Check for row validity:

    if ($row->[0] <= $search) {
      if ($row->[-1] >= $search) {

Then if the row is a potential candidate, shift it into a hash and check for key existence. I could have done a chop search on the individual row but at this size it doesn't seem worth it.

        if (exists {map {$_ => 1} @{$row}}->{$search}) {
          $f=1;
        }
        last;
      }
    } else {
      last;
    }
  }
  return $f;
}

Raku is much the same except that I don't need the hash; I can just use

        if ($search ∈ @row) {

and other languages are similar (Python if search in row, Ruby if row.include?(search), Rust if row.contains(&search)).
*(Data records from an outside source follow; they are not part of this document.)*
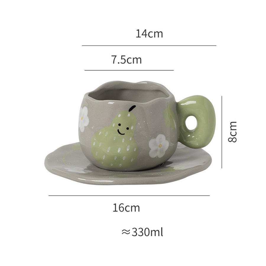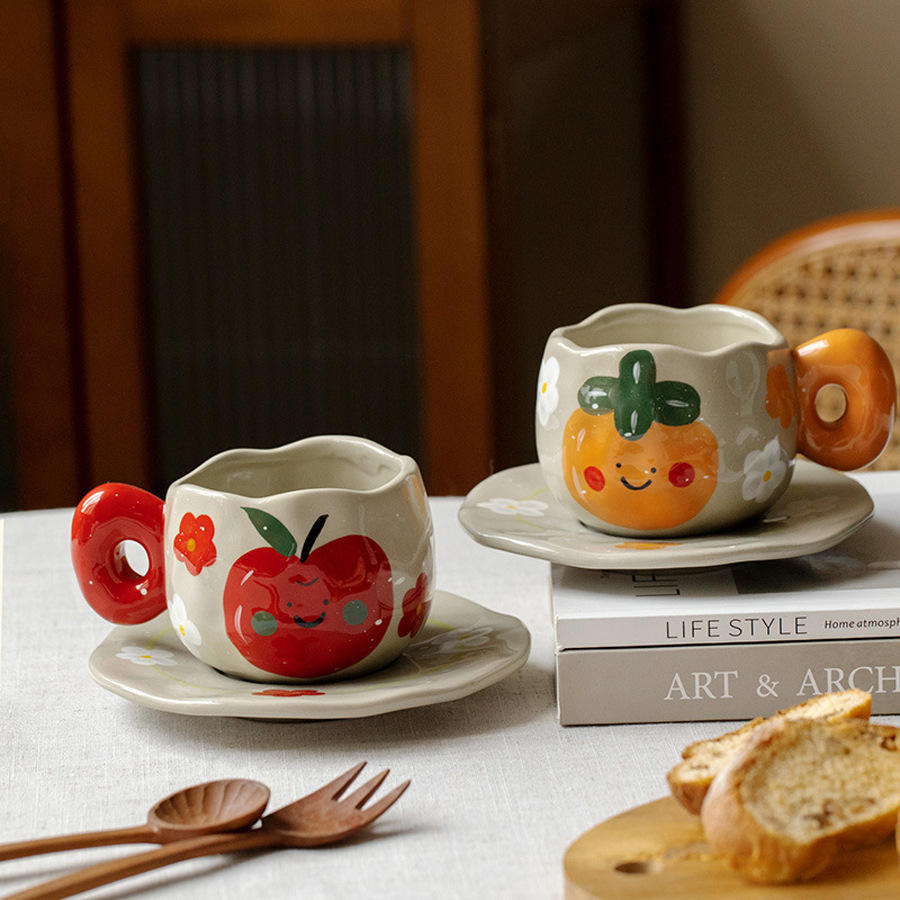 Hand-painted Pear, Persimmon, apple Coffee Cups and Saucers, Creative Hand-molded Irregular Ceramic Afternoon Cups and Saucers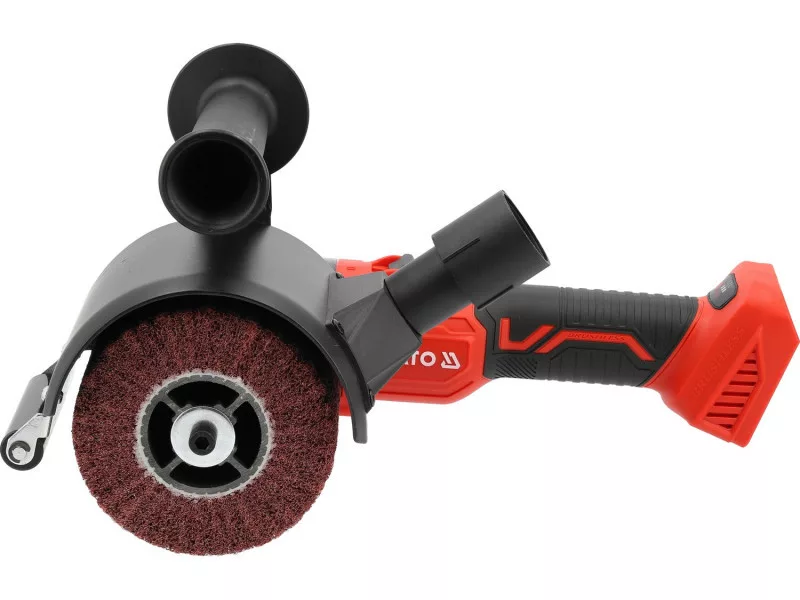 The cordless sander is designed for surface treatment using drum brushes, allowing for sanding, cleaning, and structuring of materials. Depending on the brush used, the tool is effective when working with wood, metal, and selected synthetic materials. The device enables the removal of paint coatings, prepares surfaces for further processing, and also creates a satin or aging effect on the material. It is a practical tool for renovation, carpentry, and locksmithing tasks, allowing for quick surface preparation and achieving a decorative material structure.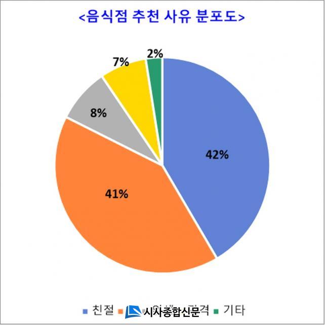 ÇÑÆí, À̺¥Æ®¿¡ Á¢¼öµÈ Ãßõ »çÀ¯¸¦ ºÐ¼®ÇÑ °á°ú ¡ã¡®Ä£Àý¡¯ÀÌ 42%·Î °¡Àå ³ôÀº ºñÁßÀ» Â÷ÁöÇßÀ¸¸ç, ÀÌ¾î¼ ¡ã¡®¸À¡¯ 41%, ¡ã¡®À§»ý¡¯ 8%, ¡ã¡®°¡°Ý¡¯ 7%, ¡ã¡®±âŸ¡¯ 2% ¼øÀ¸·Î ³ªÅ¸³µ´Ù. ÀÌ´Â ½Ã¹ÎµéÀÌ ´Ü¼øÈ÷ À½½ÄÀÇ ¸ÀÀ» ³Ñ¾î Á¤¼º°ú ¹è·Á°¡ ´ã±ä Ä£ÀýÇÑ ¼ºñ½º¿¡ °¨µ¿À» ¹Þ°í ÀÖÀ½À» º¸¿©ÁÖ´Â °á°ú·Î Ç®À̵ȴÙ.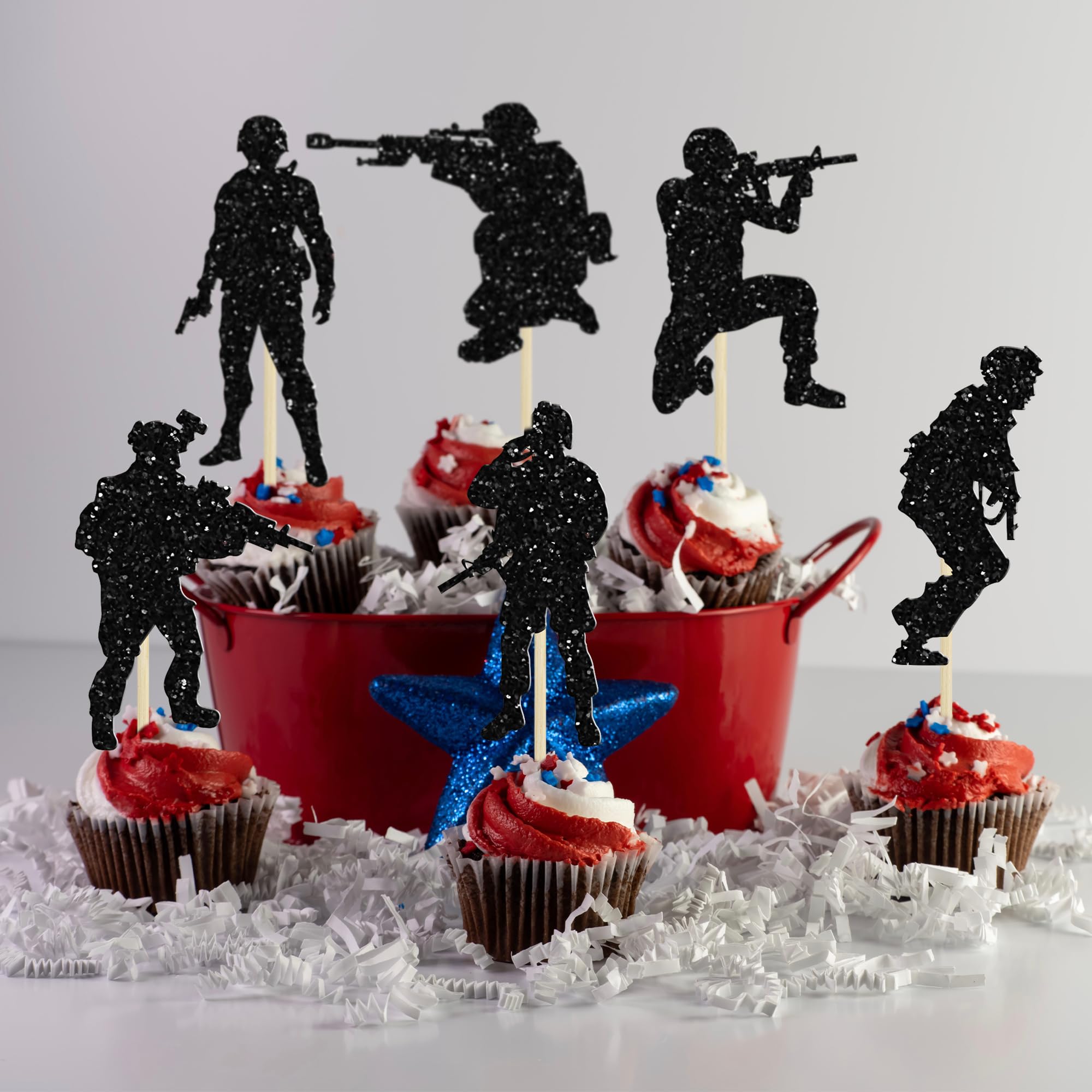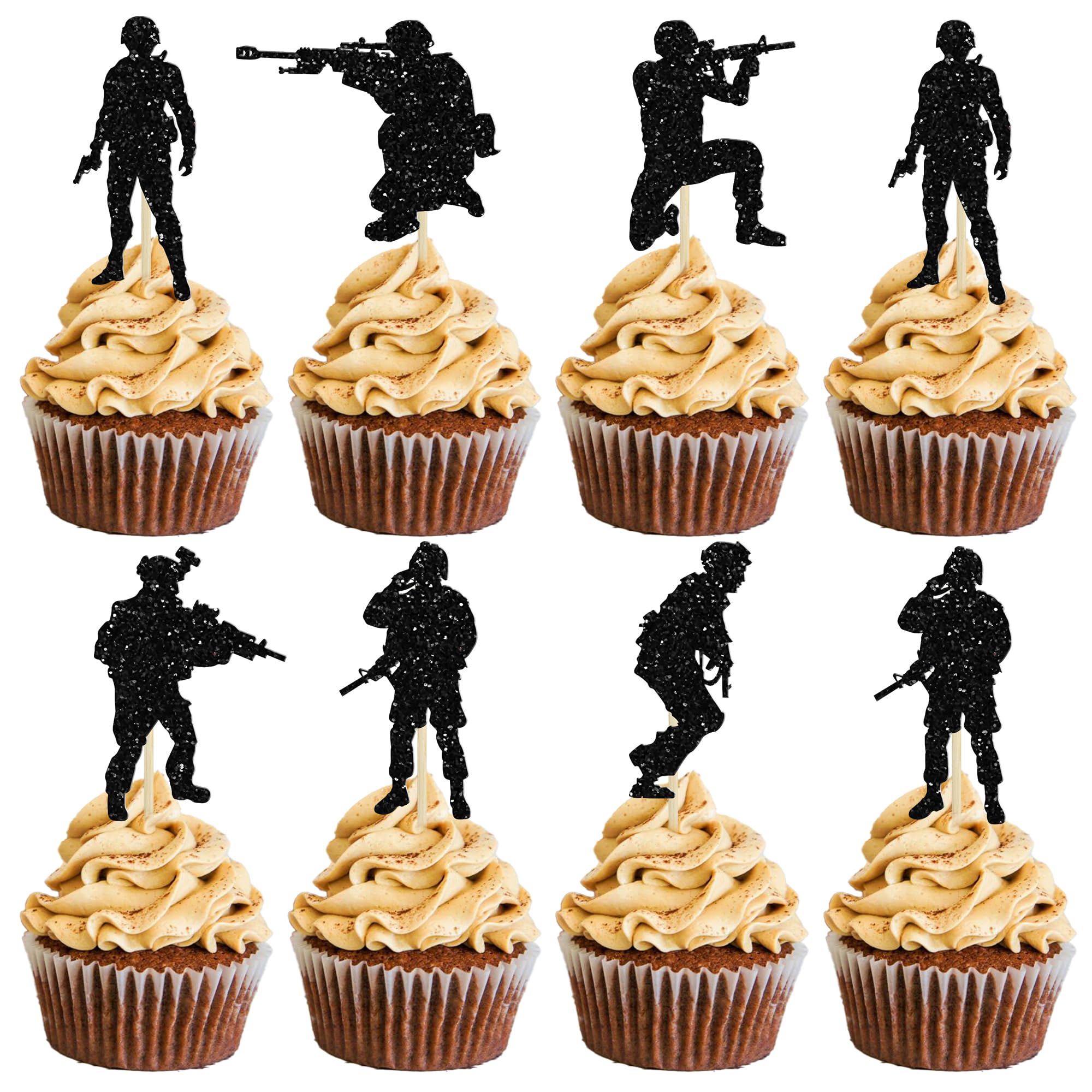 Xsstarmi Lot De 24 Décorations De Cupcakes Soldat Militaire à Caractéristiques : - Contenu : lot de 24 pièces. Livré avec assemblé, de sorte que vous pouvez l'insérer directement dans votre gâteau, ce qui rend votre gâteau plus intéressant. Uniquement à des fins de décoration, ce n'est pas comestible et veuillez ne pas l'utiliser au four ou au micro-ondes. Keaziu Lot De 24 Décorations Pour Cupcakes Sur Le Thème Militaire - Contenu de l'emballage : 24 décorations de cupcakes militaires soldats. Meilleure décoration de gâteau de fête qui peut être utilisée pour les décorations de fête de l'armée et d'autres fêtes à thème similaires. - Matériau de qualité supérieure : ces décorations de cupcakes militaires à paillettes sont fabriquées en papier cartonné pailleté de 300 g de haute qualité et en cure-dents de qualité alimentaire, très sûres pour les mettre sur les gâteaux, cupcakes, crème glacée, fruits, tarte, dessert, fromage ou tout plat et apéritif alimentaire que vous voulez décorer. - Si vous souhaitez retourner l'article, veuillez nous contacter d'abord, puis nous nous occuperons jusqu'à ce que vous soyez satisfait., Remarque : 1., En raison des différences dues à l'écran et à l'éclairage, la couleur du produit peut différer légèrement de celle de l'image., 2., Les mesures étant prises à la main, les tailles indiquées peuvent varier légèrement., 3., Merci de votre compréhension et profitez de votre moment shopping. Veuillez ne pas les mettre au four car ils sont uniquement décoratifs et non comestibles. Contenu de l'emballage : 24 décorations de cupcakes militaires soldats. Livré avec assemblé, de sorte que vous pouvez l'insérer directement dans votre gâteau... Dimensions : 4 x 11 cm (l x H x H).

Python gets awkward because of the fall-through logic: if the current search row was valid based on first and last numbers, it's the only valid row in the list, so after we've tested for the presence of the target we want to drop out of the loop. But because I have no end-block indication apart from indenting, I find it quite unclear just what's going on.

    if row[0] <= search:
      if row[len(row)-1] >= search:
        if search in row:
          f=1
        break
    else:
      break

TASK #2 › Ordered Letters

Given a word, you can sort its letters alphabetically (case insensitive). For example, “beekeeper” becomes “beeeeekpr” and “dictionary” becomes “acdiinorty”.

Write a script to find the longest English words that don’t change when their letters are sorted.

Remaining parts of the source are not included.